Totipotent. Sufficient to form entire organism. Totipotency is seen in zygote and plant meristem cells; not demonstrated for any vertebrate stem cell.

Pluripotent. Able to form all the body's cell lineages, including germ cells, and some or even all extraembryonic cell types. Example: embryonic stem cells.

Multipotent. Can form multiple lineages that constitute an entire tissue or tissues. Example: haematopoietic stem cells.

Oligopotent. Able to form two or more lineages within a tissue. Example: a neural stem cell that can create a subset of neurons in the brain.

Unipotent. Forms a single lineage. Example: spermatogonial stem cells. Progenitor cell Generic term for any dividing cell with the capacity to differentiate. Includes putative stem cells in which self-renewal has not yet been demonstrated.

Regenerative medicine: Reconstruction of diseased or injured tissue by activation of endogenous cells or by cell transplantation.

Self-renewal: Cycles of division that repeatedly generate at least one daughter equivalent to the mother cell with latent capacity for differentiation. This is the defining property of stem cells.
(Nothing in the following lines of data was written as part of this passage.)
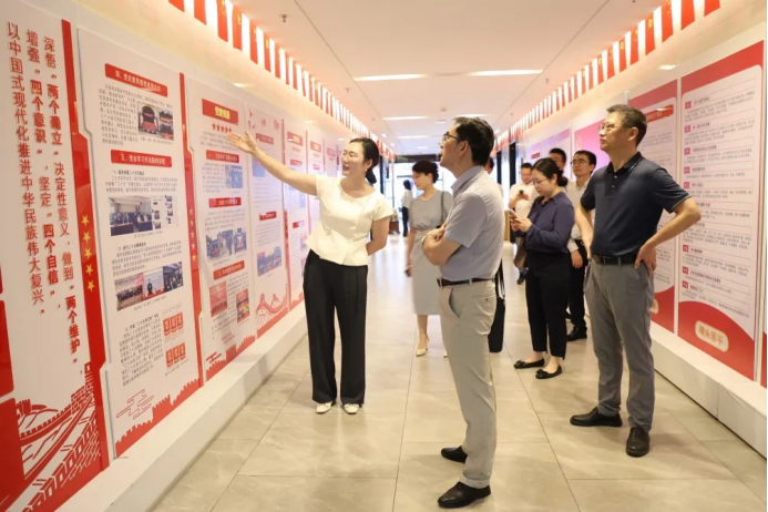 仪式开始前,在喻孟良的讲解下,童伟华院长一行参观了律所的荣誉墙、模拟法庭、律所文化长廊和党建室等区域,对律所有了初步了解。
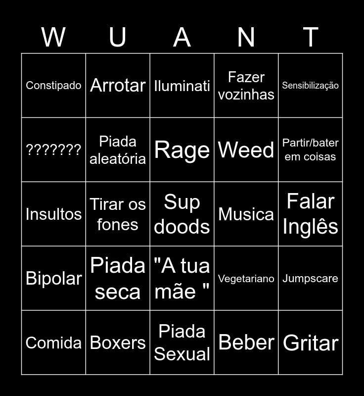 This bingo card has a free space and 36 words: Bom, Bolt, Piada controversa, Piada aleatória, Vegetariano, Bipolar, Rage, Mexer no cabelo, Sensibilização, Barriga/gordo, Tirar os fones, Fazer vozinhas, Azeiteiro, Musica, Partir/bater em coisas, Constipado, Afastar da camera, Piada seca, Gritar, Iluminati, Falar Inglês, Jumpscare, Boxers, Comida, Piada Sexual, Arrotar, Insultos, Rouco, Weed, ???????, Sensualizar, Artigo 13, Beber, "A tua mãe ", Star wars and Pewdiepie.
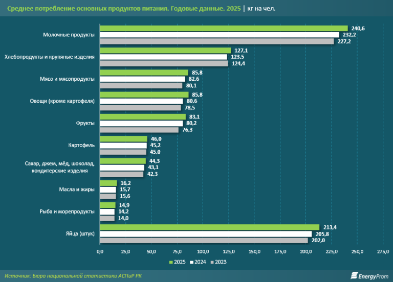 Молочные продукты остаются одной из ключевых категорий в рационе казахстанцев. Для сравнения: потребление мяса составило 85,8 кг, фруктов — 83,1 кг, а рыбы — всего 14,9 кг на человека. Высокая востребованность молочных продуктов создаёт устойчивую базу для спроса на национальные напитки, однако промышленный сектор может не успевать за потребностями рынка.

Stem cell: A cell that can continuously produce unaltered daughters and also has the ability to produce daughter cells that have different, more restricted properties.

Stem-cell homeostasis: Persistence of tissue stem-cell pool throughout life. Requires balancing symmetric self-renewal with differentiative divisions at the population level, or sustained asymmetric self-renewal.

Stemness: Unproven notion that different stem cells are regulated by common genes and mechanisms.

Transit-amplifying cell: Proliferative stem-cellprogeny fated for differentiation. Initially may not be committed and may retain self-renewal.